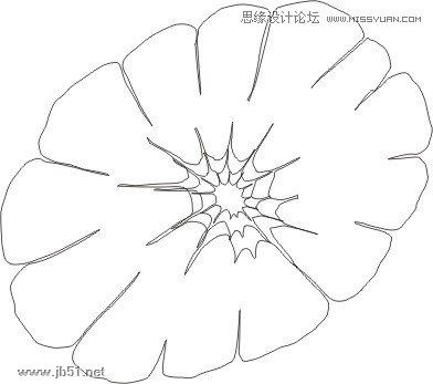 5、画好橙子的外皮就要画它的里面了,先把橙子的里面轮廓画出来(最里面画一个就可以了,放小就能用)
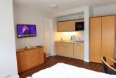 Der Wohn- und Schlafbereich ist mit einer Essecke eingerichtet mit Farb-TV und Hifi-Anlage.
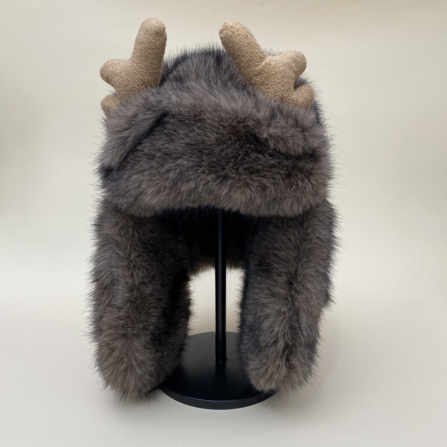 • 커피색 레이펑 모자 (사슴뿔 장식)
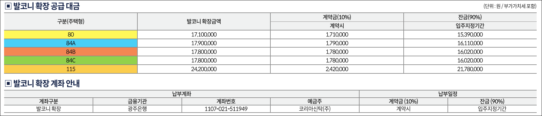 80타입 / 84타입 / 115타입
____
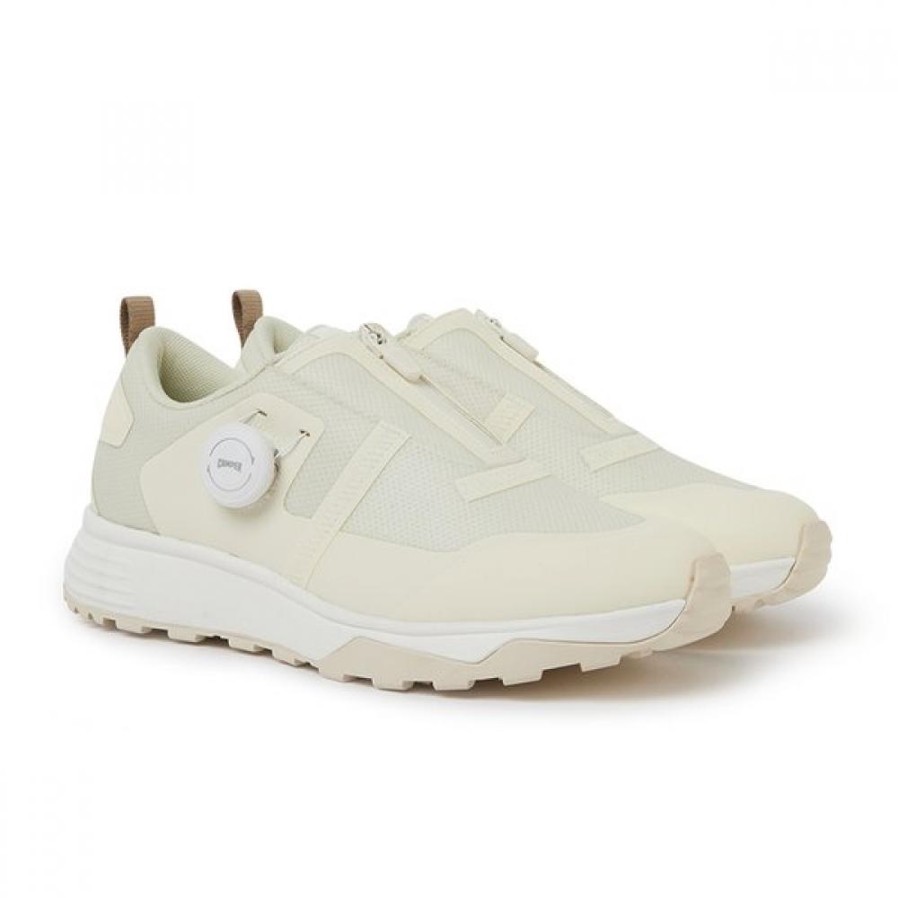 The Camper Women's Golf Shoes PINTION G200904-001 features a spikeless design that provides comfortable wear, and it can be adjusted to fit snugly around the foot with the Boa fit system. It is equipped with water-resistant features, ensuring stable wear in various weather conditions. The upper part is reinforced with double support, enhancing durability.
____
### What you will do
In the entries above, find the line containing "5、画好橙子的外皮就要画它的" and the line containing "80타입 / 84타입 / 115타입", then copy both and every line between them exactly, without any picture.

### Reply
 5、画好橙子的外皮就要画它的里面了,先把橙子的里面轮廓画出来(最里面画一个就可以了,放小就能用)
 Der Wohn- und Schlafbereich ist mit einer Essecke eingerichtet mit Farb-TV und Hifi-Anlage.
 • 커피색 레이펑 모자 (사슴뿔 장식)
 80타입 / 84타입 / 115타입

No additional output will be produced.